Udelnow Andrej, Schmidt Agnes, Muche Rainer, Henne-Bruns Doris, Würl Peter, Lippert Hans
Department of General Visceral and Vascular Surgery, Magdeburg University Hospital, Magdeburg, Germany.
Dig Surg. 2013;30(1):28-34. doi: 10.1159/000348670. Epub 2013 Apr 16.
A Bayes Network was developed for individual risk prediction after cholecystectomy. Validity and robustness were compared with logistic regression analysis (LR).
Clinical databases were created at the Ulm University and St. Franziskus Flensburg hospitals between 2001 and 2010 were comprised of hospitalized cholecystolithiasis patients serving as model and test cohorts, respectively. The probabilities of in-hospital death, prolonged hospitalization (>7 days), relaparotomy and erythrocyte transfusions were predicted based solely on admission data by BN and LR. ROC curves were calculated.
The Ulm and Flensburg cohorts consisted of 1,029 and 1,842 patients, respectively. The areas under the ROC curves for predicting death were 94% (p = 0.8) for both BN and LR, 70 vs. 76% (p < 0.001) for prolonged hospitalization, 69 vs. 68% (p = 0.8) for relaparotomy, and 84 vs. 78% (p = 0.1) for ET. Predictability declined for both methods when explanatory values were changed randomly. In contrast to LR, the BN revealed a good robustness to missing values.

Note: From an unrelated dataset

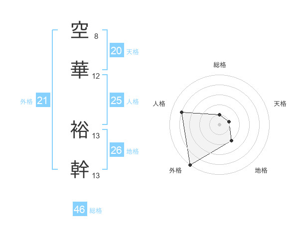 空華 裕幹さんの外格は21画の5点!

Both BN and MR predicted the death risk quite accurately. The advantage of BN consists of its robustness to missing values. Moreover, its graphical representation may be helpful for clinical decision making.
开发了一种贝叶斯网络用于胆囊切除术后个体风险预测。将其有效性和稳健性与逻辑回归分析(LR)进行比较。

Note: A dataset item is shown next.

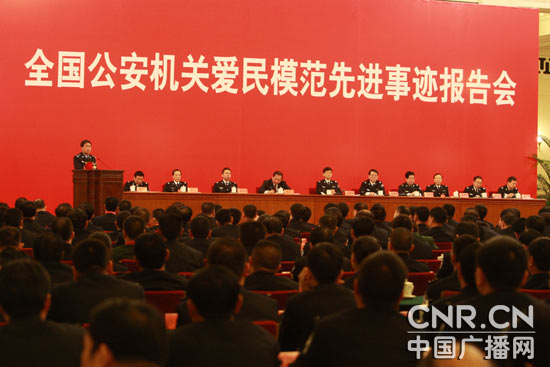 今天(26日)上午,全国公安机关爱民模范先进事迹报告会在人民大会堂举行。会上,100个爱民集体、200名爱民模范受到表彰。中国广播网进行现场图、文直播。图为报告会现场。(中广网记者陈钟 摄)
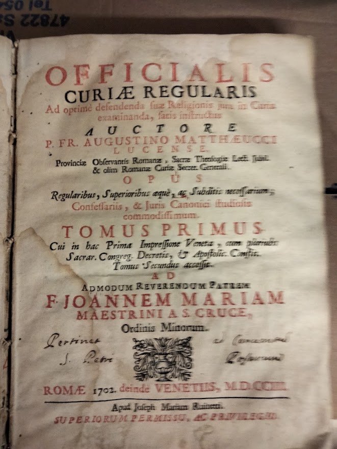 Officialis Curiae Regularis ad optimè defendenda suae Religionis jura in Curia examinanda, fatis instructus. Opus Regolaribus, Superioribus aequè, ac Subditis necessarium, Confessariis & Juris canonici studiosis commodissimum. Romae 1702 deindè.

乌尔姆大学和弗伦斯堡圣弗朗西斯库斯医院在2001年至2010年期间创建的临床数据库分别由住院的胆囊结石患者组成,作为模型队列和测试队列。仅根据入院数据通过贝叶斯网络和逻辑回归分析预测住院死亡、延长住院时间(>7天)、再次剖腹手术和红细胞输血的概率。计算ROC曲线。
乌尔姆队列和弗伦斯堡队列分别由1029例和1842例患者组成。预测死亡的ROC曲线下面积,贝叶斯网络和逻辑回归分析均为94%(p = 0.8);延长住院时间的分别为70%和76%(p < 0.001);再次剖腹手术的分别为69%和68%(p = 0.8);红细胞输血的分别为84%和78%(p = 0.1)。当随机改变解释值时,两种方法的可预测性均下降。与逻辑回归分析不同,贝叶斯网络对缺失值具有良好的稳健性。
贝叶斯网络和逻辑回归分析对死亡风险的预测都相当准确。贝叶斯网络的优势在于其对缺失值的稳健性。此外,其图形表示可能有助于临床决策。